Through KEGG pathway enrichment analysis, a total of 1372 DEGs were assigned to 128 KEGG pathways in the CFs vs. AFs comparison group, involved in metabolism, genetic information, tissue systems, environmental information processing, and cellular processes (Figure 4a). A total of 804 upregulated DEGs were allocated to 120 KEGG pathways, and 568 downregulated DEGs were allocated to 112 KEGG pathways (Table S5). Among these DEGs, many upregulated genes were enriched in pathways such as “ribosome (ko03010)”, “cysteine and methionine (ko00270)”, “carbon metabolism (ko01200)”, “biosynthesis of amino acids (ko01230)”, “citrate cycle (TCA cycle) (ko00020)”, and “peroxisome (ko04146)” (p < 0.05, Figure 4c, Table S5). Conversely, the most common downregulated DEG-enriched KEGG pathways were “plant hormone signal transduction (ko04075)”, “pentose and glucuronate interconversions (ko00040)”, “plant–pathogen interaction (ko04626)”, and “flavonoid biosynthesis (ko00941)” (p < 0.05, Figure 4d, Table S5). Furthermore, many downregulated and upregulated DEGs were enriched in pathways such as “phenylpropanoid biosynthesis (ko00940)”, “amino sugar and nucleotide sugar metabolism (ko00520)”, “MAPK signaling pathway—plant (ko04016)”, and “starch and sucrose metabolism (ko00500)” (p < 0.05, Figure 4b, Table S5). These results indicated that the above pathways were the main regulatory pathways for physiological fruit abscission and played a significant role in physiological fruit abscission.

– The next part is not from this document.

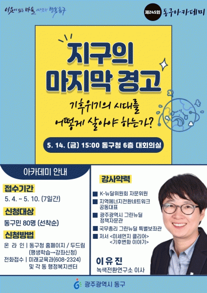 [¹Ìµð¾îÀü³² ±èÁ¤¿ì ±âÀÚ] ±¤ÁÖ µ¿±¸´Â ÀÌÀ¯Áø ³ì»öÀüȯ¿¬±¸¼Ò ¿¬±¸¿ø À̻縦 ÃÊûÇÑ 5¿ù µ¿±¸¾ÆÄ«µ¥¹Ì¸¦ °³ÃÖÇÑ´Ù°í ¹àÇû´Ù. ¿À´Â 14ÀÏ ¿ÀÈÄ 3½Ã ±¸Ã» 6Ãþ ´ëȸÀǽǿ¡¼ ¿¸®´Â À̹ø °¿¬ ÁÖÁ¦´Â ¡®Áö±¸ÀÇ ¸¶Áö¸· °æ°í ±âÈÄ À§±âÀÇ ½Ã´ë¡¦

2.3.3. DEGs Related to the Most Enrichment Pathways

Most upregulated DEGs were identified to be involved in pathways such as “ribosome”, “cysteine and methionine”, “carbon metabolism”, “biosynthesis of amino acids”, “citrate cycle (TCA cycle)”, and “peroxisome” (Figure 4, Tables S5 and S6). Significantly, in the peroxisome pathway, 24 DEGs were upregulated, and 3-ketoacyl-CoA thiolase 2 (PED1), short-chain dehydrogenase reductase 3c (SDR3c), long-chain acyl-CoA synthetase 6 (LACS6), peroxisomal (S)-2-hydroxy-acid oxidase (GLO5), peroxisomal 2,4-dienoyl-CoA reductase (At3g12800), superoxide dismutase (SODA), F-box protein (At2g26850), alpha/beta hydrolase (LOC105038263), and serine-glyoxylate aminotransferase (AGT1) were significantly upregulated (log2FC > 2, Figure 5).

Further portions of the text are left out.